> Data segment

......

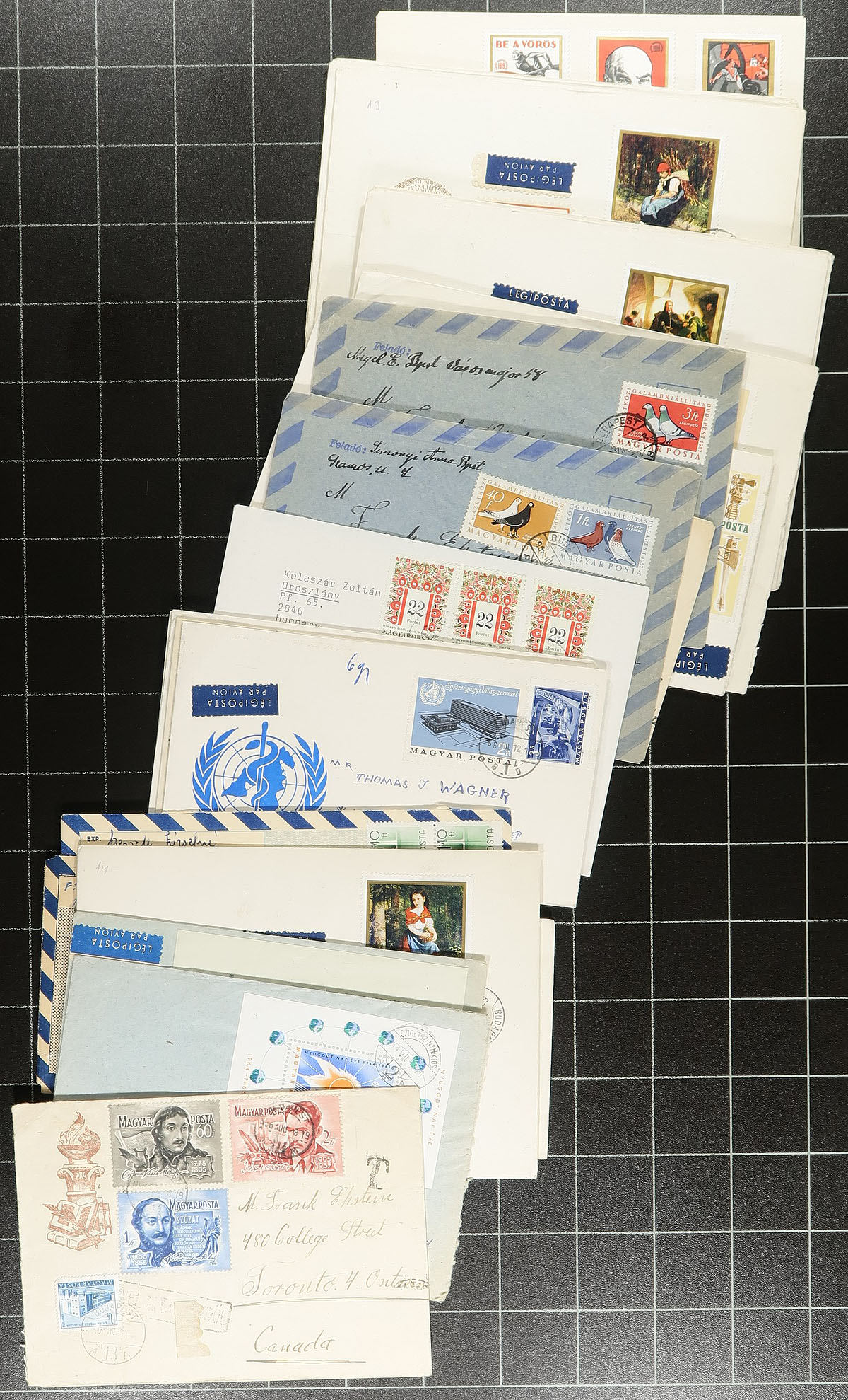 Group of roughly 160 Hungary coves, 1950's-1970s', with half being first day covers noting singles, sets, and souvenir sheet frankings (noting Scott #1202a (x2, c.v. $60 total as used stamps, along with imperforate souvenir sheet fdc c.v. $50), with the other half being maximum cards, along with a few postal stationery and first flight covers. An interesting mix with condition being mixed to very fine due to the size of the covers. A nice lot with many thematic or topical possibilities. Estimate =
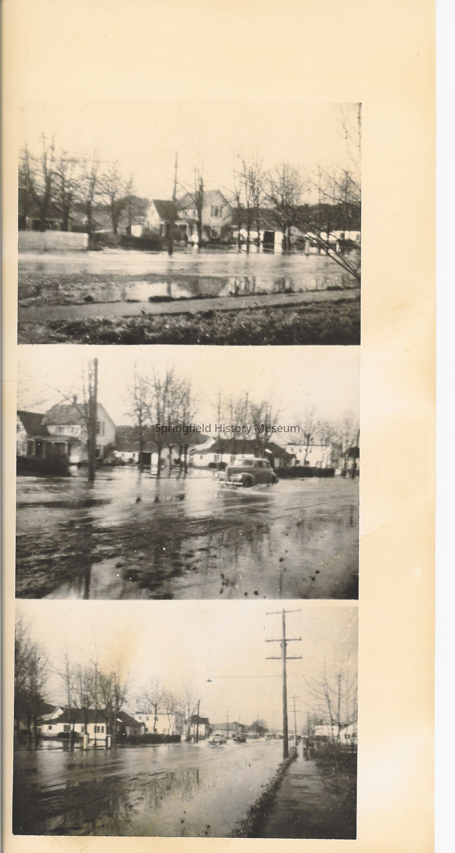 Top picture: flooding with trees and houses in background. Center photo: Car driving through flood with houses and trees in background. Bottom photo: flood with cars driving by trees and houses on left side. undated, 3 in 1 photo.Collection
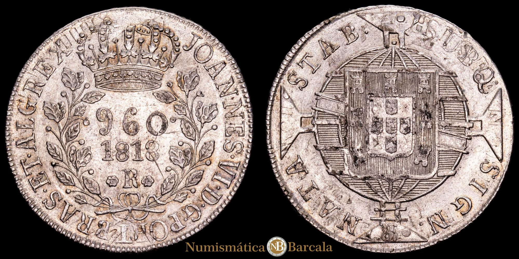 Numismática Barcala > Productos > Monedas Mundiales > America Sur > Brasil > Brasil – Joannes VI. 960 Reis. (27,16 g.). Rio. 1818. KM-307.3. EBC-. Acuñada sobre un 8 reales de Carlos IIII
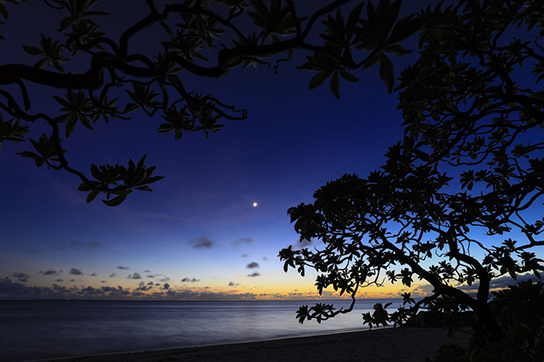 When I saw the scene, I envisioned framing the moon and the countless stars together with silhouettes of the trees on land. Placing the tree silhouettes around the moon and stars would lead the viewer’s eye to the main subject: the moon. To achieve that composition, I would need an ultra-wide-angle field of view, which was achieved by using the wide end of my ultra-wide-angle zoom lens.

......

> Exercise requirements
Ignoring the pictures, write out word for word the lines from the line containing "Numismática Barcala >" through the end of the material above.

> Exercise solution
 Numismática Barcala > Productos > Monedas Mundiales > America Sur > Brasil > Brasil – Joannes VI. 960 Reis. (27,16 g.). Rio. 1818. KM-307.3. EBC-. Acuñada sobre un 8 reales de Carlos IIII
 When I saw the scene, I envisioned framing the moon and the countless stars together with silhouettes of the trees on land. Placing the tree silhouettes around the moon and stars would lead the viewer’s eye to the main subject: the moon. To achieve that composition, I would need an ultra-wide-angle field of view, which was achieved by using the wide end of my ultra-wide-angle zoom lens.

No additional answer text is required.